Plasma Equilibrium

The unperturbed (by the tearing mode) plasma equilibrium is such that

$\displaystyle {\bf B}$ $\displaystyle = \frac{r\,B_z}{R_0\,q(r)}\,{\bf e}_\theta + B_z\,{\bf e}_z,$ (5.18)
$\displaystyle {\bf V}$ $\displaystyle \simeq V_E(r)\,{\bf e}_\theta + V_{\parallel\,i}(r)\,{\bf e}_z,$ (5.19)
$\displaystyle p$ $\displaystyle = p(r).$ (5.20)

(See Sections 2.11, 2.24, and 3.2.) Here,

$\displaystyle V_E(r)\simeq -\frac{E_r}{B_z}$ (5.21)

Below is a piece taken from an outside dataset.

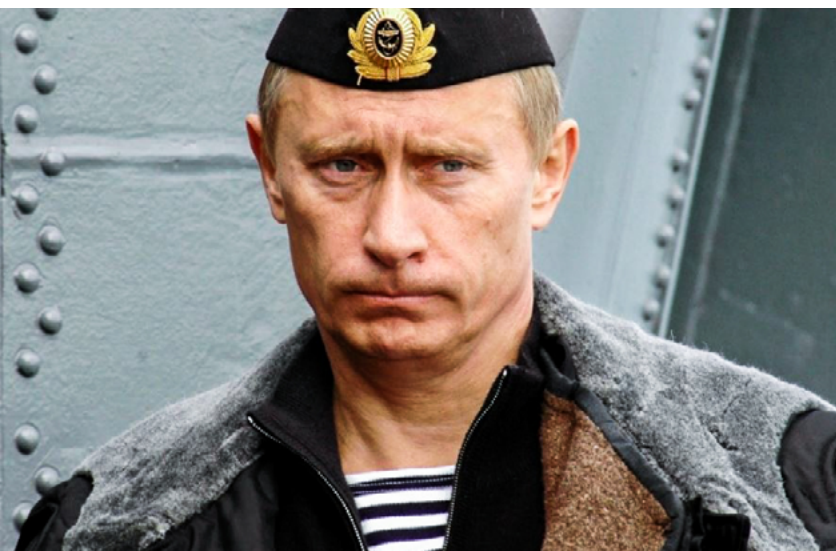
Vladimir Putin, presidente de Rusia

Este es el camino hacia un mal disfrazado miserabilismo, y para un modelo político basado en la autogestión... que era “el objetivo supremo del Estado soviético”, según establecía la propia Constitución de la antigua URSS en su preámbulo. 19 Es el socialismo viejo y gastado, ¡ahora con un nuevo ropaje... verde!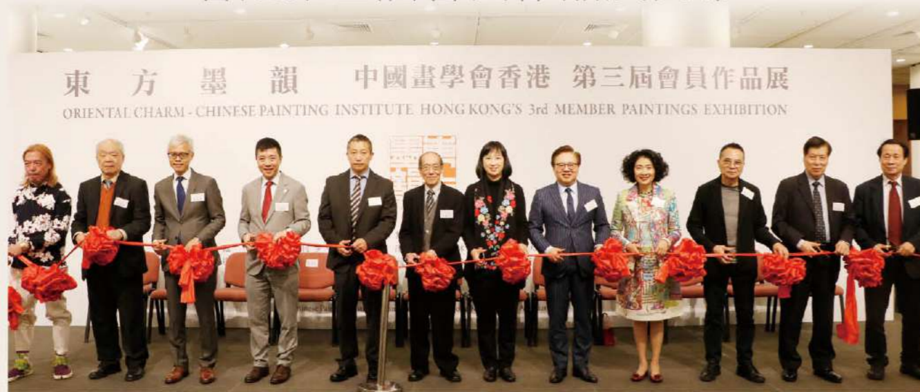
主禮嘉賓於會開幕典禮進行剪綵儀式。

中國畫學會香港成立於2014年，提倡繼承及發揚中國畫傳統，團結香港及周邊地區水墨畫界友好，共同探索當代中國水墨藝術發展。為慶祝學會成立五周年，中國畫學會香港於2019年2月22日至28日於香港中央圖書館展覽館全館隆重舉辦「東方墨韻」—中國畫學會香港第三屆會員作品展，展出二十八位成員最新創作。展覽並蒙香港藝術發展局資助、香港各界文化促進會參與主辦。

is the (dominant $\theta$-component of the) E-cross-B velocity [see Equation (2.138)], and $V_{\parallel\,i}$ the ion parallel fluid velocity.

Now, the resonant layer is assumed to have a radial thickness that is much smaller than $r_s$. (See Section 5.5.) Hence, we only need to evaluate plasma equilibrium quantities in the immediate vicinity of the rational surface. Equations (4.1), (4.23), (4.24), and (5.1)–(5.4) imply that

$\displaystyle \psi(\hat{x})$ $\displaystyle = \frac{\hat{x}^{\,2}}{2\,\hat{L}_s},$ (5.22)
$\displaystyle N(\hat{x})$ $\displaystyle = -\hat{V}_\ast\,\hat{x},$ (5.23)
$\displaystyle \phi(\hat{x})$ $\displaystyle = - \hat{V}_E\,\hat{x},$ (5.24)
$\displaystyle V(\hat{x})$ $\displaystyle = \hat{V}_\parallel,$ (5.25)


$\displaystyle \hat{x}=\frac{r-r_s}{r_s},$ (5.26)


$\displaystyle L_s=\frac{R_0\,q_s}{s_s}$ (5.27)

is the magnetic shear length, $s_s=s(r_s)$,

$\displaystyle s(r) = \frac{d\ln q}{d\ln r}$ (5.28)

the magnetic shear, $\hat{V}_E= V_E(r_s)/V_A$, $\hat{V}_\ast= V_\ast(r_s)/V_A$,

$\displaystyle V_\ast(r) = \frac{1}{e\,n_0\,B_z}\,\frac{dp}{dr}$ (5.29)

the (dominant $\theta$-component of the) diamagnetic velocity [see Equation (4.11)], and $\hat{V}_\parallel=\hat{d}_i\, V_{\parallel\,i}(r_s)/V_A$. We also have

$\displaystyle J(\hat{x})$ $\displaystyle = -\left(\frac{2}{s_s}-1\right)\frac{1}{\hat{L}_s},$ (5.30)
$\displaystyle U(\hat{x})$ $\displaystyle =0,$ (5.31)
$\displaystyle \hat{E}_\parallel(\hat{x})$ $\displaystyle =\left(\frac{2}{s_s}-1\right) \frac{\hat{\eta}_\parallel}{\hat{L}_s}.$ (5.32)

Note that we are neglecting any radial gradients in the equilibrium MHD fluid velocity because, in conventional tokamak plasmas, such gradients do not significantly affect the linear response of a resonant layer, due to the fact that the gradients are comparatively weak (i.e., $\vert dV/dr\vert\ll V_A/r_s$) combined with the fact that a linear resonant layer is very narrow [6]. (See Section 5.5.)